Intracellular Regeneration of Glucocorticoids by 11β-Hydroxysteroid Dehydrogenase (11β-HSD)-1 Plays a Key Role in Regulation of the Hypothalamic-Pituitary-Adrenal Axis: Analysis of 11β-HSD-1-Deficient Mice**The Wellcome Trust supported this work through a program grant (to J.J.M. and J.R.S.) and a Career Development Fellowship (to M.C.H.).
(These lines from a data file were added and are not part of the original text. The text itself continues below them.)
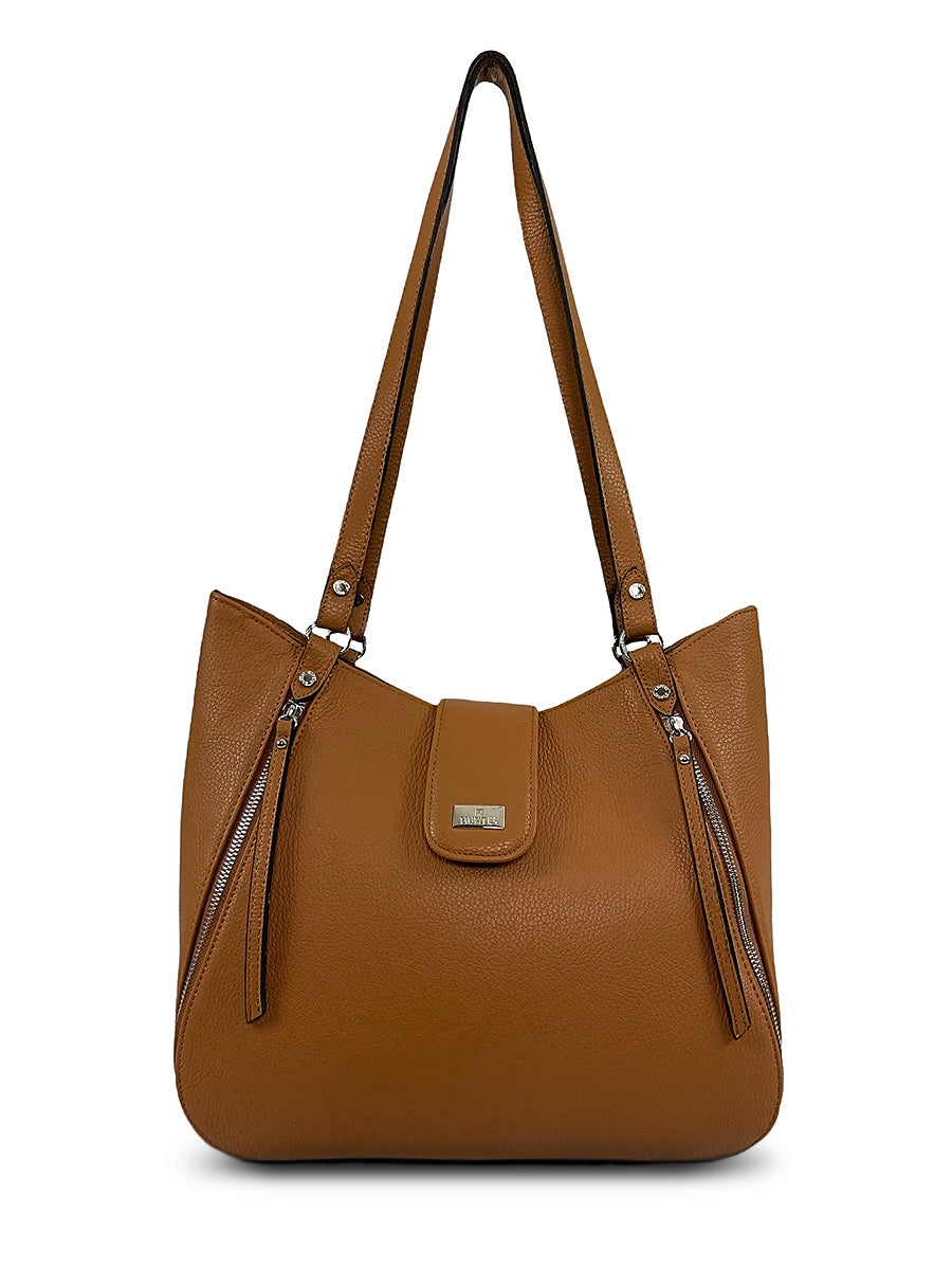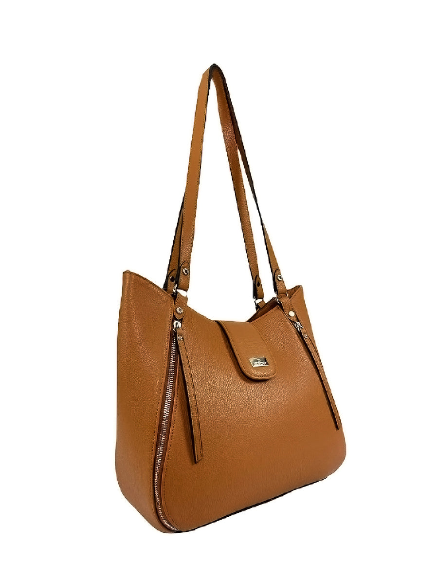 Δερμάτινη γυναικεία τσάντα ώμου strict με κλείσιμο με φερμουάρ. Διαθέτει εξωτερικές θήκες με φερμουάρ μπροστά και 2 εσωτερικές θήκες. Επίλεξε τη για όλα σου τα stylish looks.
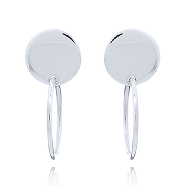 Flat Disc Stud Hoop Silver Earrings
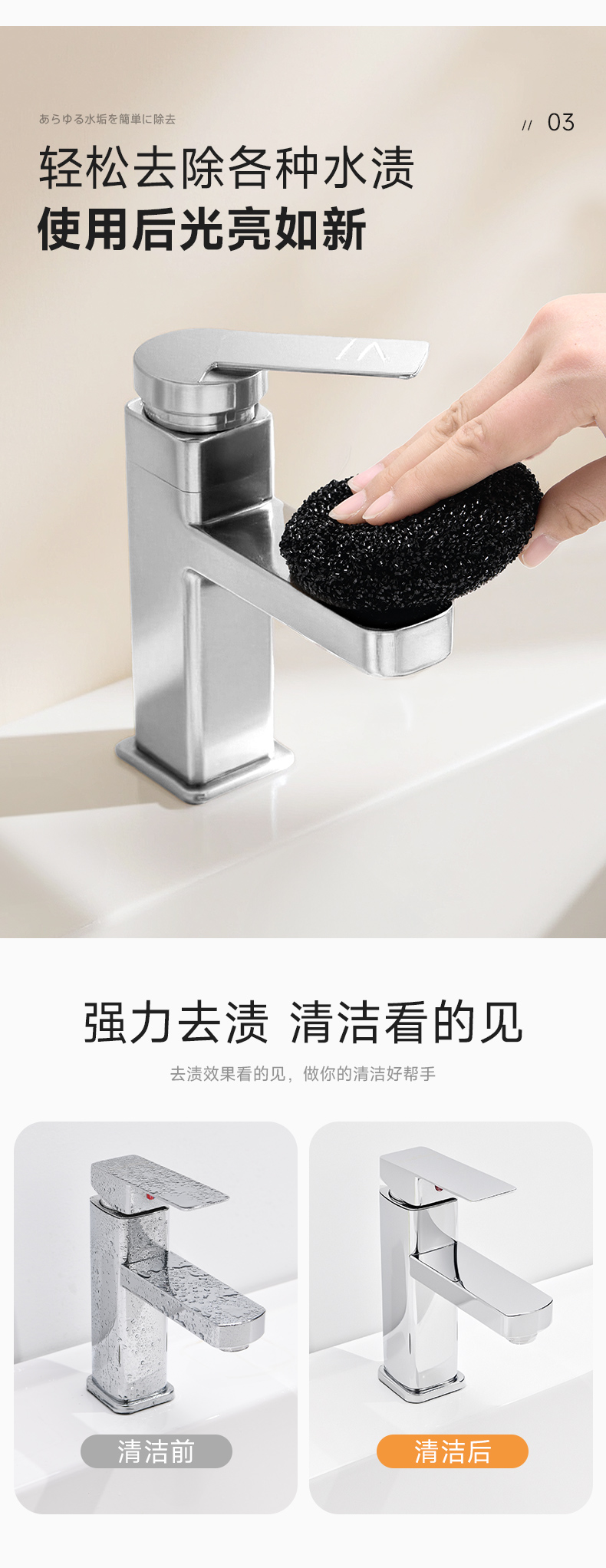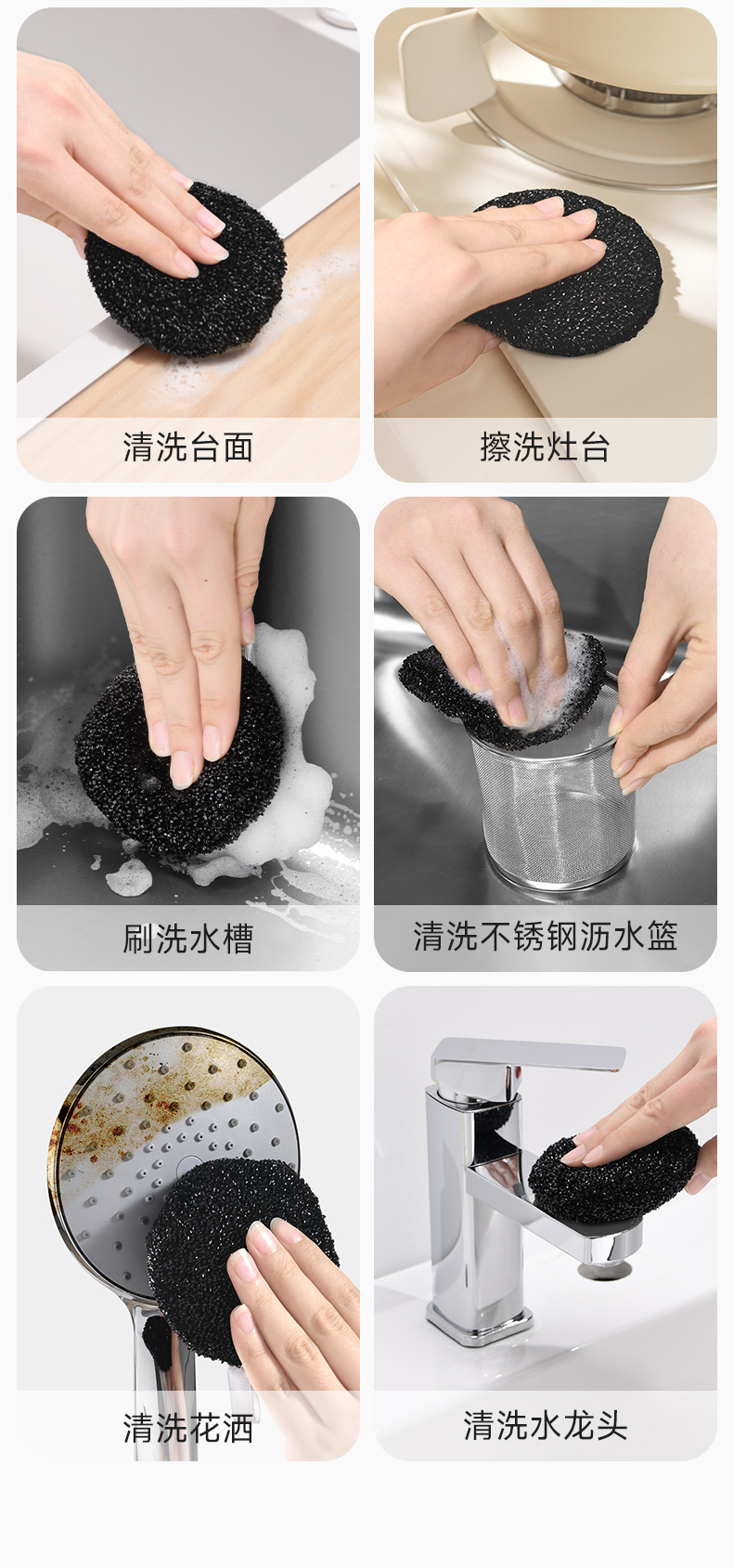 水槽清洁棉(圆形) 水垢清洁擦浴室洗手台厨房水槽水龙头花洒海绵魔力擦去污除垢神器
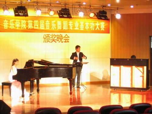 4月23日下午16点,“第四届音乐舞蹈专业基本功大赛颁奖晚会”在365上市集团官网多功能厅举行,教育部艺术教育委员会常务主任周荫昌教授、365英国上市公司官网副董事长张建祥教授及公司领导出席了晚会并为获奖者选手颁奖。
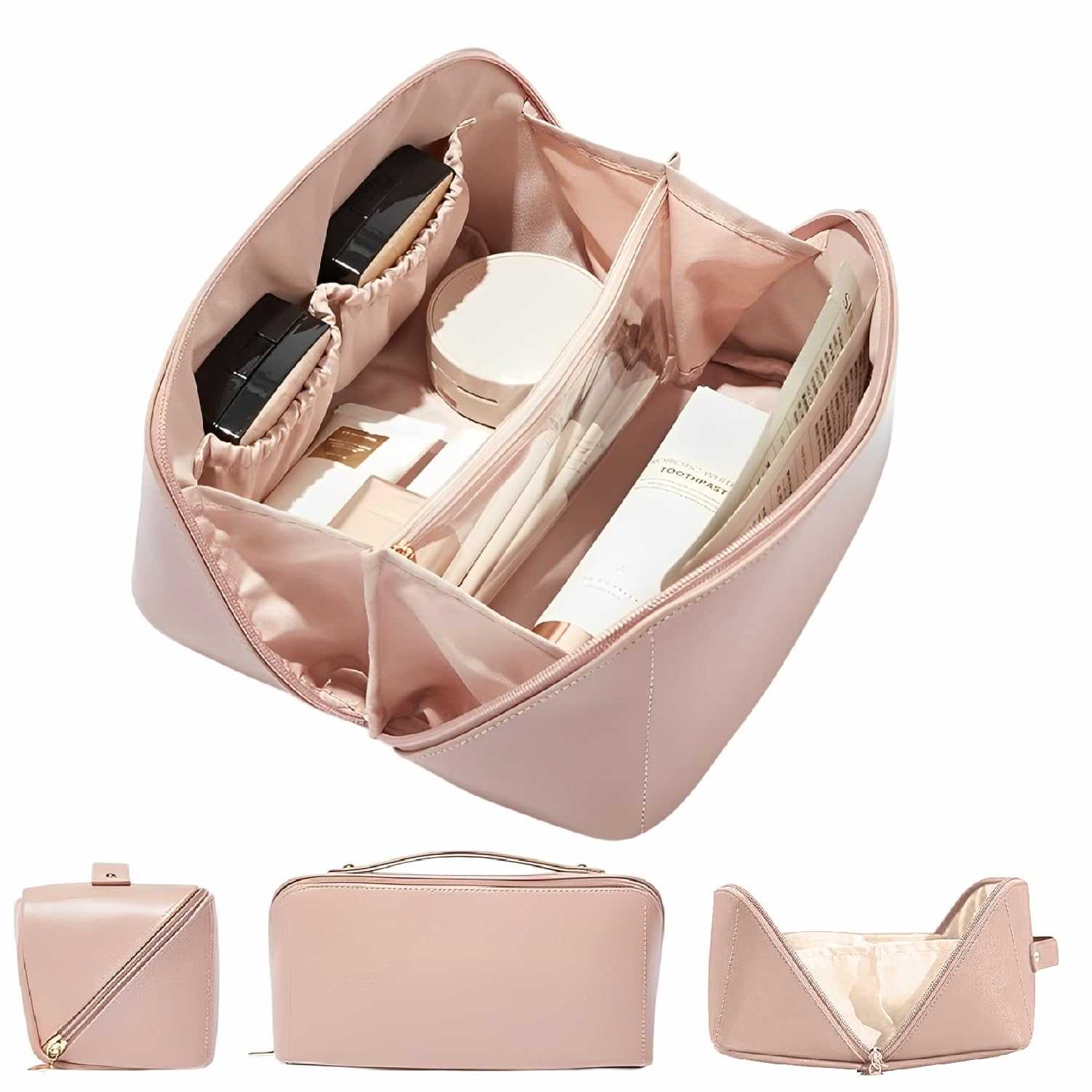 PRACTICAL: The Large makeup bags have enough space to store your makeup accessories, such as makeup brush, lip gloss, lipstick, eye shadow, makeup plate, perfume, mascara, nail polish, nail tools, toothpaste, toothbrush. Not only as a toiletry bag, but also as an accessory storage bag. Become a must -have for daily work, everywhere.
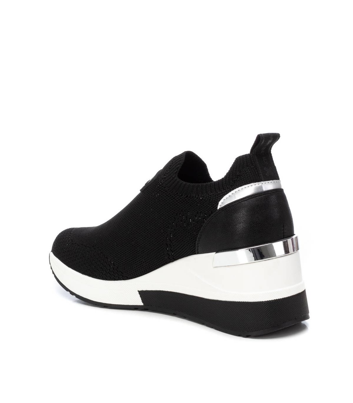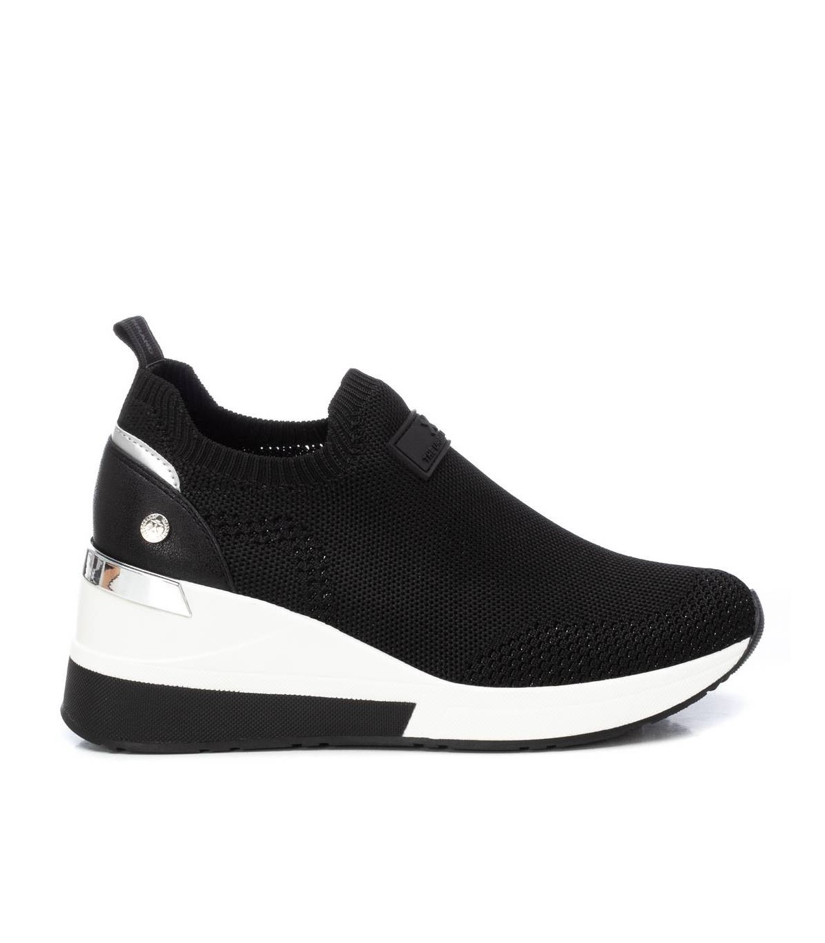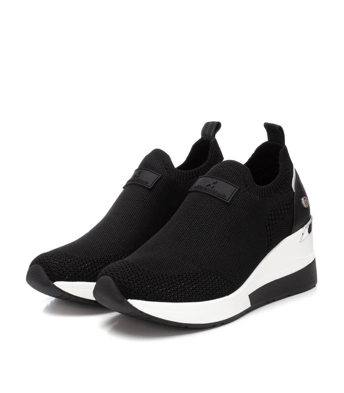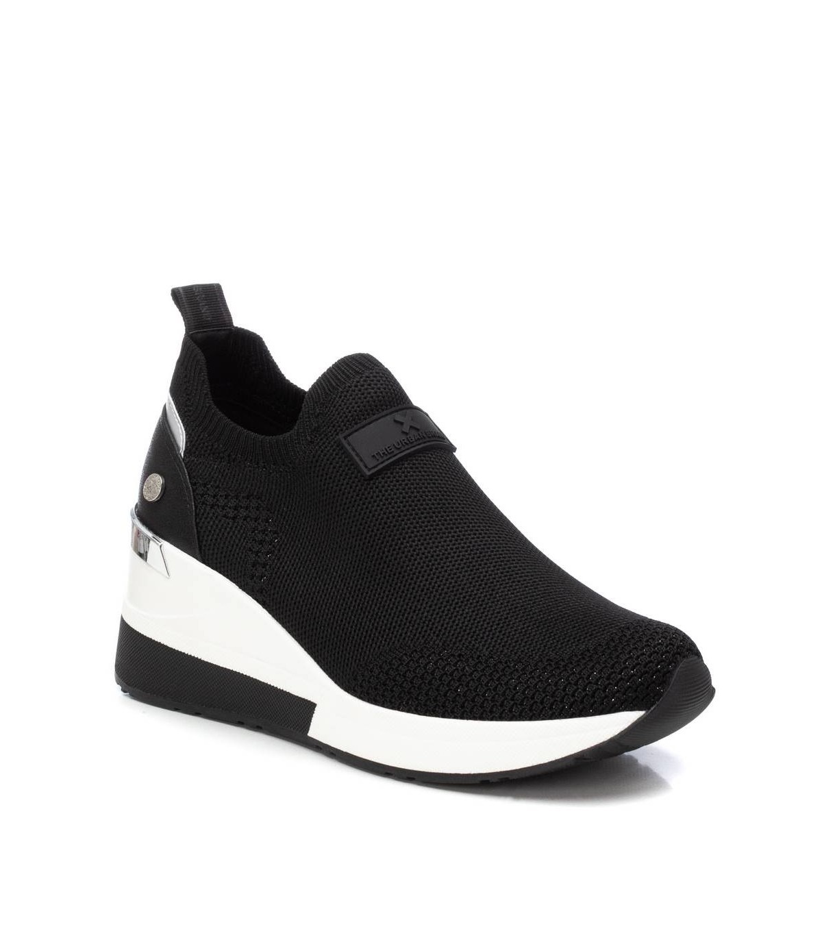 Zapatilla de mujer, de la marca Xti. Fabricado en un cómodo textil elástico. Cuña bicolor de 6 cm de altura, con suela de goma antideslizante. Este modelo ha obtenido el certificado vegano por la organización mundial PETA (Organización de los derechos de los animales).

11β-Hydroxysteroid dehydrogenases (11β-HSDs) catalyze interconversion of active corticosterone and inert 11-dehydrocorticosterone, thus regulating glucocorticoid access to intracellular receptors in vivo. 11β-HSD type 1 is a reductase, locally regenerating active glucocorticoids. To explore the role of this isozyme in the brain, we examined hypothalamic-pituitary-adrenal axis (HPA) regulation in mice homozygous for a targeted disruption of the 11β-HSD-1 gene. 11β-HSD-1-deficient mice showed elevated plasma corticosterone and ACTH levels at the diurnal nadir, with a prolonged corticosterone peak, suggesting abnormal HPA control and enhanced circadian HPA drive. Despite elevated corticosterone levels, several hippocampal and hypothalamic glucocorticoid-sensitive messenger RNAs were normally expressed in 11β-HSD-1-deficient mice, implying reduced effective glucocorticoid activity within neurons. 11β-HSD-1-deficient mice showed exaggerated ACTH and corticosterone responses to restraint stress, with a delayed fall after stress, suggesting diminished glucocorticoid feedback. Indeed, 11β-HSD-1-deficient mice were less sensitive to exogenous cortisol suppression of HPA activation. Thus 11β-HSD-1 amplifies glucocorticoid feedback on the HPA axis and is an important regulator of neuronal glucocorticoid exposure under both basal and stress conditions in vivo.